# Task requirements
Set down, exactly as written, the lines from the line holding "Задача малыша —" to the end of the data, inclusive, skipping any pictures.

# Supplied material
╭──

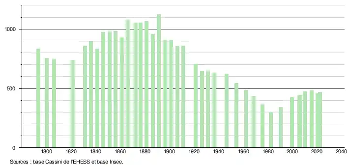 L'évolution du nombre d'habitants est connue à travers les recensements de la population effectués dans la commune depuis 1793. Pour les communes de moins de 10 000 habitants, une enquête de recensement portant sur toute la population est réalisée tous les cinq ans, les populations de référence des années intermédiaires étant quant à elles estimées par interpolation ou extrapolation[19]. Pour la commune, le premier recensement exhaustif entrant dans le cadre du nouveau dispositif a été réalisé en 2005[20].
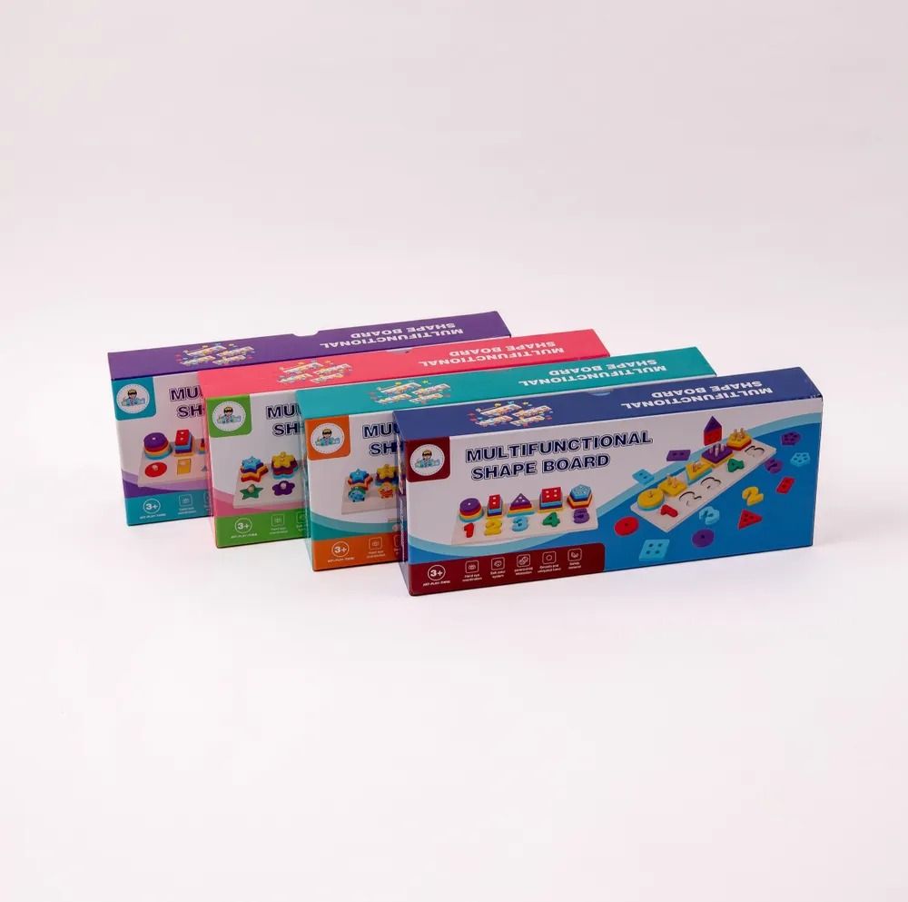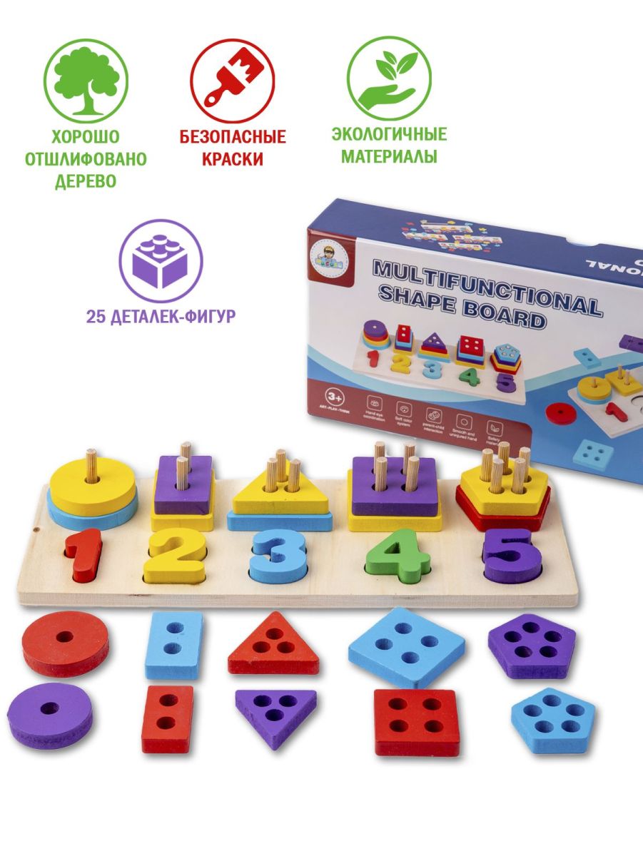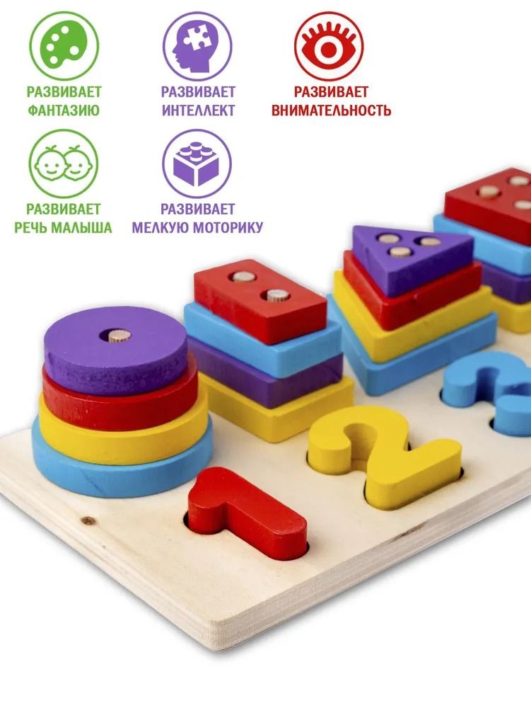 Задача малыша — правильно подобрать и надеть фигурки на столбики. Кроме того, детали можно использовать как счётный материал или попросить ребёнка разложить их по цветам. Эта увлекательная головоломка развивает пространственное мышление, цветовое восприятие, логику и мелкую моторику рук, она познакомит ребёнка с миром геометрических фигур и цифр от 1 до 5.
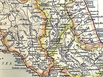 Some of the land of the Valle Umbra was brutally confiscated by Augustus to found colonies there as a reward for tens of thousands of Caesar's veterans who had fought for the Triumvirate and additionally, tens of thousands of them who had fought for the Republican cause in the war at Philippi.[9] This led to the Umbrian revolt culminating in the Perusine War (41-40 BC).[10] Hispellum supported Augustus in the Perusine War and became Colonia Julia Hispellum in ca. 41-40 BC.[11] Augustus also favoured Hispellum by extending its territory to the springs and sanctuary of the Clitunno,[12] 20 km distant, which had originally belonged to the territory of Mevania, and the city provided a public bath and accommodation there.

╰──

# Solution for this problem
 Задача малыша — правильно подобрать и надеть фигурки на столбики. Кроме того, детали можно использовать как счётный материал или попросить ребёнка разложить их по цветам. Эта увлекательная головоломка развивает пространственное мышление, цветовое восприятие, логику и мелкую моторику рук, она познакомит ребёнка с миром геометрических фигур и цифр от 1 до 5.
 Some of the land of the Valle Umbra was brutally confiscated by Augustus to found colonies there as a reward for tens of thousands of Caesar's veterans who had fought for the Triumvirate and additionally, tens of thousands of them who had fought for the Republican cause in the war at Philippi.[9] This led to the Umbrian revolt culminating in the Perusine War (41-40 BC).[10] Hispellum supported Augustus in the Perusine War and became Colonia Julia Hispellum in ca. 41-40 BC.[11] Augustus also favoured Hispellum by extending its territory to the springs and sanctuary of the Clitunno,[12] 20 km distant, which had originally belonged to the territory of Mevania, and the city provided a public bath and accommodation there.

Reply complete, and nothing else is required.